Acting workshop teaches lawyers how to be themselves in court


Without their briefcases, yellow pads or file folders, without even their shoes, the five lawyers stretch out on the carpeted floor and breathe deeply. They exhale in a droning hum and for a moment the conference room in this prestigious Baltimore law office sounds like a Buddhist temple.

This is just the warm-up. Before the night is over, the attorneys will recite Shakespeare sonnets, perform mime and talk in gibberish. They will work on opening trial arguments as an actor might prepare for a scene.

Welcome to Acting for Lawyers, where participants apply stagecraft to courtroom strategy. It's a production of On Trial Associates, a consulting firm run by Gillian Drake, who has never filed a brief, tried a case or earned a law degree.

Ms. Drake, an actress and director, says attorneys can learn a lot from actors.

"We're not teaching people to be actors, or to be fake or to lie," says Ms. Drake of Rockville. "I'm trying to get them to be comfortable with what they're saying and who they are. . . . When people get into the public eye, they become not themselves. Juries want people to be themselves."

For eight years, Ms. Drake has been playing the legal circuit, giving seminars, lectures and workshops. She works with attorneys and with witnesses, using theatrical methods to help make their courtroom presentations more persuasive. She believes that hers is the only service of its kind in the area.

"When lawyers talk, it all sounds the same," she tells the group of lawyers during a recent workshop in a downtown Baltimore law office. "If everything sounds the same, a jury doesn't know what's important. . . . If it's all the same, it's impossible to sort out."

During this eight-week workshop, the lawyers learn how to use their voices to emphasize key points of their arguments, how to bridge the emotional gap with the jury as an actor might with an audience and how to stay focused on what they want the judge or jury to do.

The evening workshops open with warm-up exercises. At Ms. Drake's instruction, the lawyers shake their arms, shake their feet, make funny faces, make funny noises, lie on the floor, breathe deeply, sigh audibly and sometimes do jumping jacks. What's all this about?

Ms. Drake says it's about shaking off workday inhibitions, dropping the office mask. It makes people feel silly, but Ms. Drake says it's a necessary prelude to the search for raw motives behind a character's actions or, in this case, a lawyer's ,, argument.

After warm-ups, the lawyers recite Shakespeare sonnets, seeking the action behind the words. The previous week, the lawyers were assigned to pick verbs that suited the sonnets and portray those actions with their motions and tone of voice.

Steve Ney, who has been practicing law for about 20 years, stands up and begins Sonnet 129: "The expense of spirit in a waste of shame. . . ."

Ms. Drake breaks in, finding his delivery too low-key.
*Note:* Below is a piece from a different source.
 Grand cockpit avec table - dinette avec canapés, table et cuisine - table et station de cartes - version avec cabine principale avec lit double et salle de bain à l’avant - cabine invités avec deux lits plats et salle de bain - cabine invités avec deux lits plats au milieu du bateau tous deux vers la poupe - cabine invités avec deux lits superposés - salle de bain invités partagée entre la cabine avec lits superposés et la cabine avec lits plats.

"How many verbs working there?" she asks.

"I was trying five."

"Five? I didn't see five."

"Plead, warn . . ."

"Then let's do plead, and not all this neutral stuff. . . . The next one is 'warn.' Jump into it; don't be passive about it."
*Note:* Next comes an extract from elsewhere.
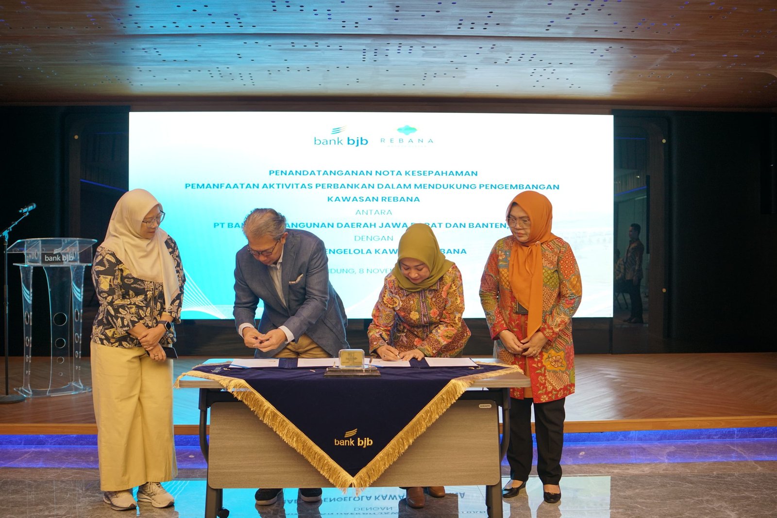 Dalam kesempatan ini, Direktur Komersial dan UMKM bank bjb, Nancy Adistyasari, bersama Kepala Pelaksana BP Rebana, Bernardus Djonoputro, menandatangani MoU secara seremonial di Menara bank bjb, Bandung. Penandatanganan ini mencerminkan komitmen kedua belah pihak untuk bersama-sama mendorong pengembangan ekonomi Kawasan Rebana.

This stuff is hard, Mr. Ney says in an interview during a break.

"It makes me more aware of the options available when you're speaking," he says. "The way you use your body, your hands, your motions. It doesn't mean it's easy to do."

Glen Allen, a soft-spoken man whose legal work involves primarily research and writing, finds expressing emotion in public very difficult.

"It's painful in the sense that she asks us to use emotions we rarely use," says Mr. Allen, who has been practicing law for five years. "But I feel invigorated after her classes. . . . I regard it as a pretty essential part of legal education."

In law school, he says, he was taught how to find facts and law to support an argument, but not "the aesthetic part of how to present a story, make the connection to a jury."

Steve Grossman, who teaches trial practice at the University of Baltimore Law School, says he has not heard about Ms. Drake's classes but that he can see how theatrical techniques could be used in the the courtroom.

"Absolutely, I think a background in drama would be helpful," Mr. Grossman says. "Emphasis is an important thing to understand -- how you use your voice, waking up some jurors who are sleeping."

Ms. Drake says she got the idea for On Trial Associates in 1988 after she directed a play at the Woolly Mammoth theater in Washington. Two lawyers called her to say how much they liked it. It was real, they said, but a tad larger than life. As she recalls, they both said that was how they would like to present themselves in court.

She later coached one of those lawyers on opening statements. She then placed a little advertisement in the Legal Times and conducted her first workshop in the basement of Arena Stage in Washington. Now her work is divided between coaching lawyers and witnesses, and conducting mock juries as part of an attorney's trial preparation.

She works with five consultants in Maryland, Washington, New York and Chicago.

Most of the major law firms in Baltimore and Washington have used her services, she says.

"It teaches them how to tell their client's story in the most positive, strong way," she says. "You'll find there are tons of lawyers who have had some acting here and there."